TCM acupuncture utilizes specific point combinations to encourage the body to trigger the release of specific chemicals and hormones. This is done by stimulating the nervous system to then communicate with the spinal cord and brain. This biochemical change stimulates the body’s natural healing and regulating abilities to correct imbalances in temperature, hormone levels, and physical and emotional well-being. TCM acupuncture is a very safe and non-invasive therapy and research has suggested that of the myriad of symptoms menopause can present with, hot flashes and night sweating appear to respond quite quickly with just acupuncture.
One of the common approaches western medicine takes is hormone therapy, and though effective, hormone therapy may come with negative side effects such as breast and ovarian disorders, or individuals may have contraindications or are unwilling to use hormone therapy. TCM offers a natural and safe alternative often combining acupuncture with TCM herbal formulas as an adjunct to increase the efficacy of an acupuncture treatment. Herbal formulas are comprised of a balancing blend of ingredients found in nature. They often have little to no side effects, aside from allergies to a particular plant or plant part, and like homeopathy, TCM takes advantage of the therapeutic properties these plant materials offer to create formulas that address both symptoms and their underlying root causes. There is no one particular herbal formula to address symptoms of menopause as each herbal formula is unique in its ability to address underlying root causes of symptoms. After a consultation, your TCM practitioner will be able to prescribe an appropriate herbal formula to specifically address your condition.
The combination of TCM acupuncture, herbal formulas, and the addition of TCM dietary suggestions assists the body during this transition into menopause. Rather than the abrupt and drastic decline in hormones that the body is forced into during menopause, TCM takes a natural and whole-body approach to assist the body with a balanced and gradual change in hormone levels. However, regulating the body’s internal thermostat does work exactly like the thermostat on our wall, therefore patience and consistency is necessary to experience change.

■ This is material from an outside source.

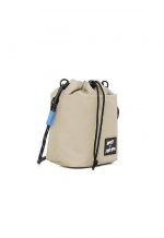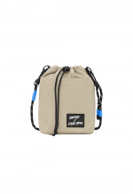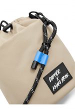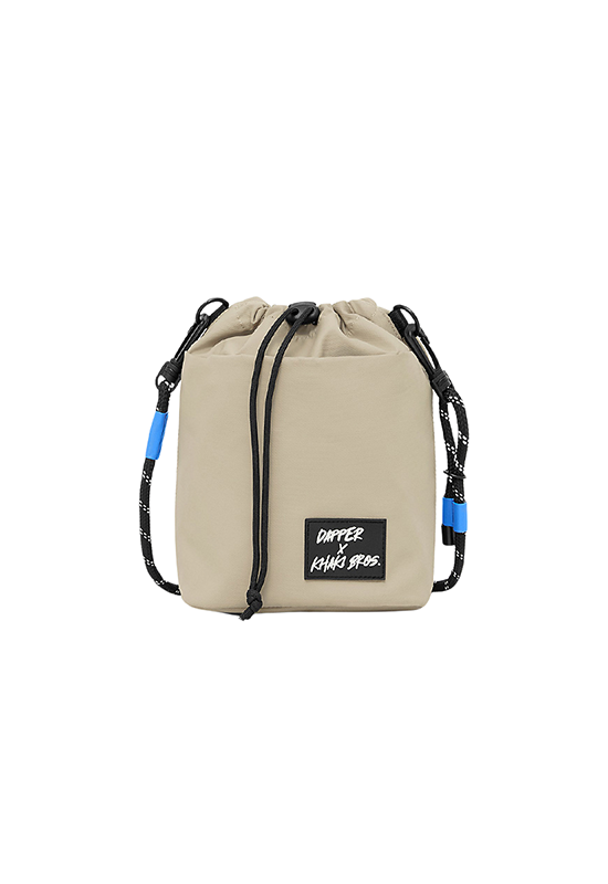 Dapper X Khaki Bros. Water Repellent Drawstring bucket bag with Matte khaki coating nylon twill fabric for the weather resistant Crossbody strap made of Black and White dot paracord rope inspired by Outdoor gear. Strap can detachable and adjustable DAPPER X KHAKI BROS black & white rubber badge at front part Decorated with Cobalt blue accent Lining Fabric & paracord stopper

TCM therapies can be used in conjunction with other forms of treatments including Western medicine, naturopathy, chiropractic, homeopathy, massage therapy, and so forth. When combing TCM acupuncture with other interventions (medication, supplements, herbal formulas, other therapies), studies have concluded that this combination is more effective than those interventions alone.
Johnson A., Roberts L., Elkins G. Complementary and Alternative Medicine for Menopause. Journal of Evidence-Based Integrative Medicine. (2019). doi:10.1177/2515690X19829380
Lund KS., Siersma V., Brodersen J., et al. Efficacy of a standardized acupuncture approach for women with bothersome menopausal symptoms: a pragmatic randomized study in primary care (the ACOM study). (2019). 9:e023637. doi:10.1136/ bmjopen-2018-023637
Lian-Wei X., Man J., Roland S., et al. Hindawi Publishing Corporation Evidence-Based Complementary and Alternative Medicine. Review Article Efficacy and Side Effects of Chinese Herbal Medicine for Menopausal Symptoms: A Critical Review. (2012). Article ID 568106, 19 pages doi:10.1155/2012/568106
Kim KH., Kang KW., Kim DI., et al. Effects of acupuncture on hot flashes in perimenopausal and postmenopausal women-a multicenter randomized clinical trial. Menopause. (2010) Mar;17(2):269-80. doi: 10.1097/gme.0b013e3181bfac3b. PMID: 19907348.
*This blog is not intended to officially establish a physician-patient relationship, to replace the services of a trained physician, naturopathic doctor, physical therapist or chiropractor or otherwise to be a substitute for professional medical advice, diagnosis, or treatment.